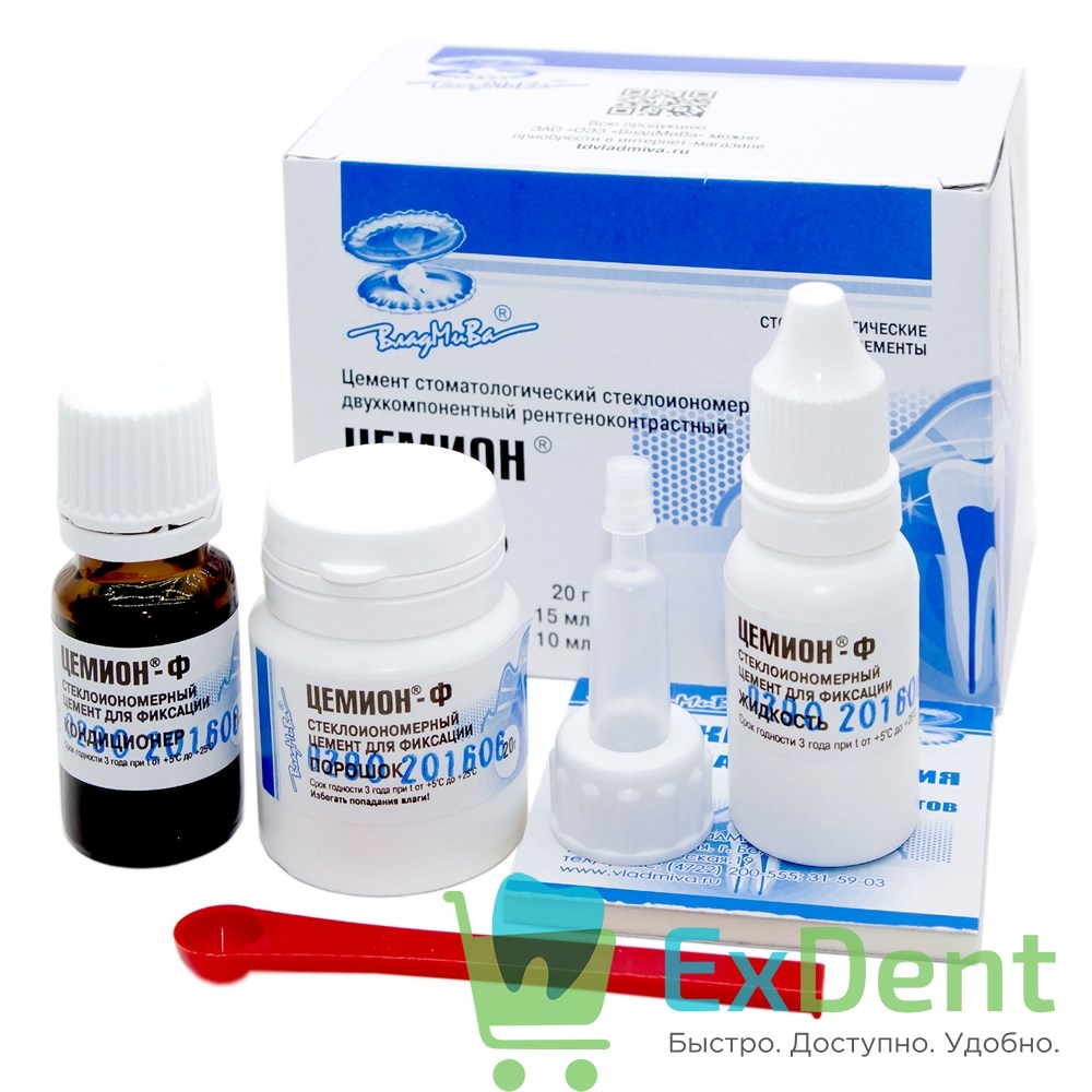 Цемион Ф - стеклоиономерный цемент химического отверждения для фиксации (20 г + 15 мл + 10 мл)
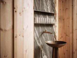 Nachhaltig gebaut, tief verwurzelt in der Region: Dolomitgestein, Zirben- und Lärchenholz aus den umliegenden Wäldern, Lehmputzwände, Laaser Marmor, Dolomitgestein und hochwertige Naturmaterialien schaffen ein harmonisches Raumklima für ein natürliches Wohlbefinden.
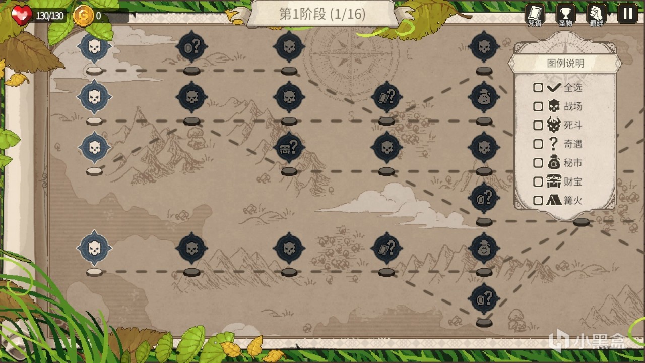 与大多数的爬塔游戏一样,本作也是可以选择路径的。由于游戏中的行走路径是完全没有迷雾的,所以玩家在游戏的最开始就可以去规划一个阶段的所有行径路线。当然,本作也提供了多样化的事件来丰富玩家的体验。在本作中,事件大概有以下几种:“战场”是普通怪,战胜之后可以获得咒语和金钱;“死斗”是精英怪,强度比普通更强,但是会掉落更加稀有的咒语、更多的金钱,还有圣物;“奇遇”就是其他游戏里常见的随机,包括生机奇遇、咒语奇遇、圣物奇遇等;“秘市”就是商店,可以购买咒语、淬炼咒语、移除咒语,是游戏里组成卡牌的重要途径;“篝火”是休息的地方,可以回复生命、合成咒语、淬炼咒语、删除咒语。
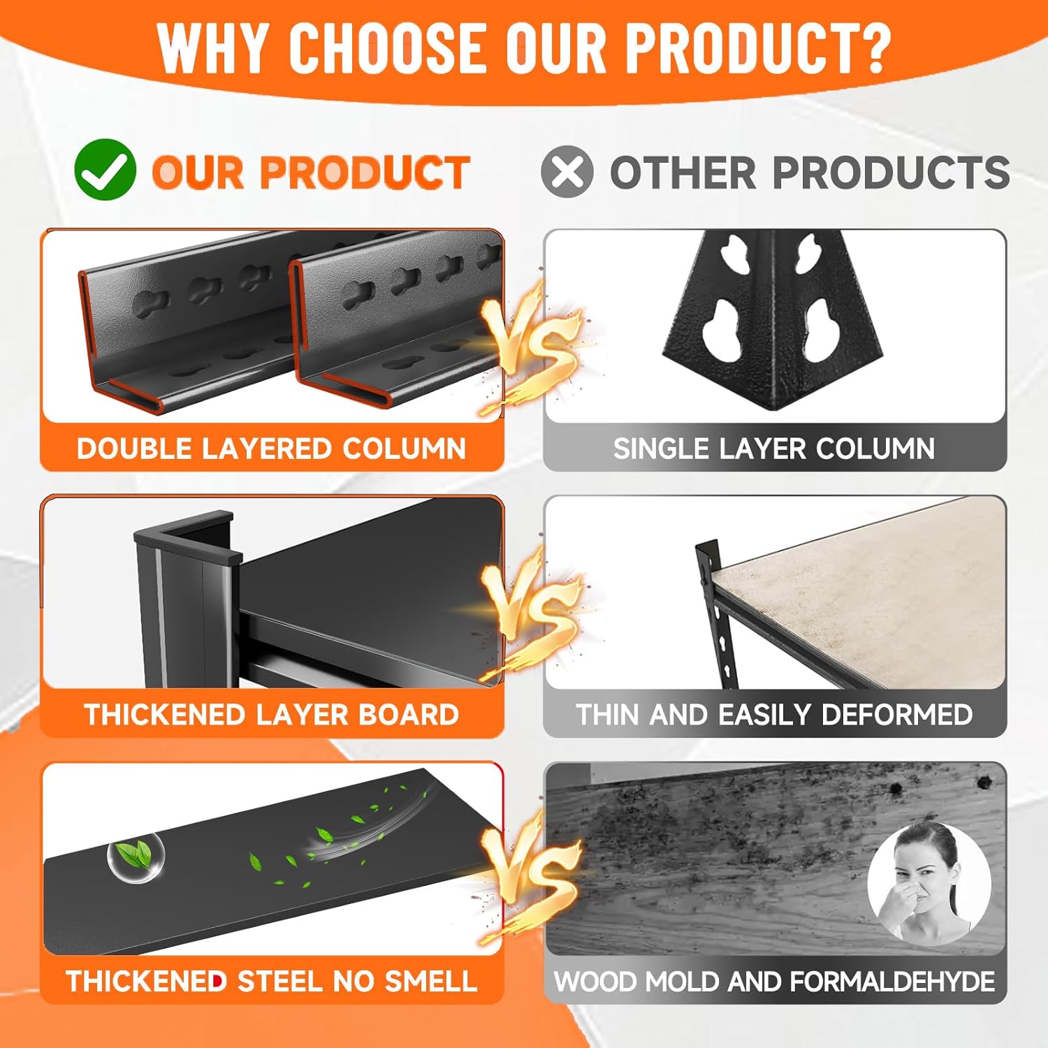 • 【Quality Assurance and Professional Support】 Our professional team provides 24/7 online service. Every step from production to delivery undergoes rigorous inspections and passes three distinct quality checks. The reinforced packaging with corner protectors safeguards your metal garage storage shelving unit during transitIf. you have any problems after receiving the goods, please contact us and we will handle every issue encountered by the customer properly.
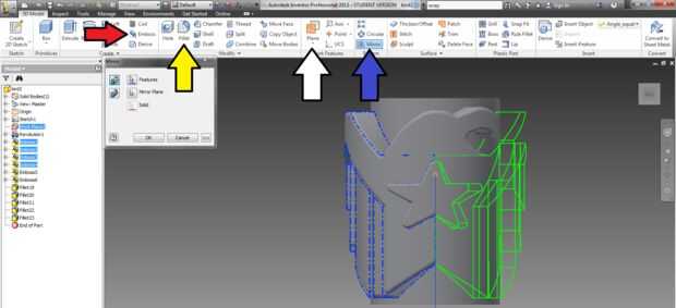3. ahora que tiene la mitad del anillo de la manera que desee, haga clic en la pestaña de "Espejo", como se indica por la flecha azul y reflejan todas las características, desea, a través del borde plano del su anillo como se ve en la imagen. Si usted quiere algunas de las características del "espejo" pero no tiene un borde plano, puede crear un plano para reflejar a través. (La pestaña de "Plano" es indicada por la flecha blanca).
****************************************
Problem to solve ▸
Using the records above, reproduce exactly the lines from the line containing "与大多数的爬塔游戏一样,本作" through the last line, with both ends kept and no pictures.

Your solution ▸
 与大多数的爬塔游戏一样,本作也是可以选择路径的。由于游戏中的行走路径是完全没有迷雾的,所以玩家在游戏的最开始就可以去规划一个阶段的所有行径路线。当然,本作也提供了多样化的事件来丰富玩家的体验。在本作中,事件大概有以下几种:“战场”是普通怪,战胜之后可以获得咒语和金钱;“死斗”是精英怪,强度比普通更强,但是会掉落更加稀有的咒语、更多的金钱,还有圣物;“奇遇”就是其他游戏里常见的随机,包括生机奇遇、咒语奇遇、圣物奇遇等;“秘市”就是商店,可以购买咒语、淬炼咒语、移除咒语,是游戏里组成卡牌的重要途径;“篝火”是休息的地方,可以回复生命、合成咒语、淬炼咒语、删除咒语。
 • 【Quality Assurance and Professional Support】 Our professional team provides 24/7 online service. Every step from production to delivery undergoes rigorous inspections and passes three distinct quality checks. The reinforced packaging with corner protectors safeguards your metal garage storage shelving unit during transitIf. you have any problems after receiving the goods, please contact us and we will handle every issue encountered by the customer properly.
3. ahora que tiene la mitad del anillo de la manera que desee, haga clic en la pestaña de "Espejo", como se indica por la flecha azul y reflejan todas las características, desea, a través del borde plano del su anillo como se ve en la imagen. Si usted quiere algunas de las características del "espejo" pero no tiene un borde plano, puede crear un plano para reflejar a través. (La pestaña de "Plano" es indicada por la flecha blanca).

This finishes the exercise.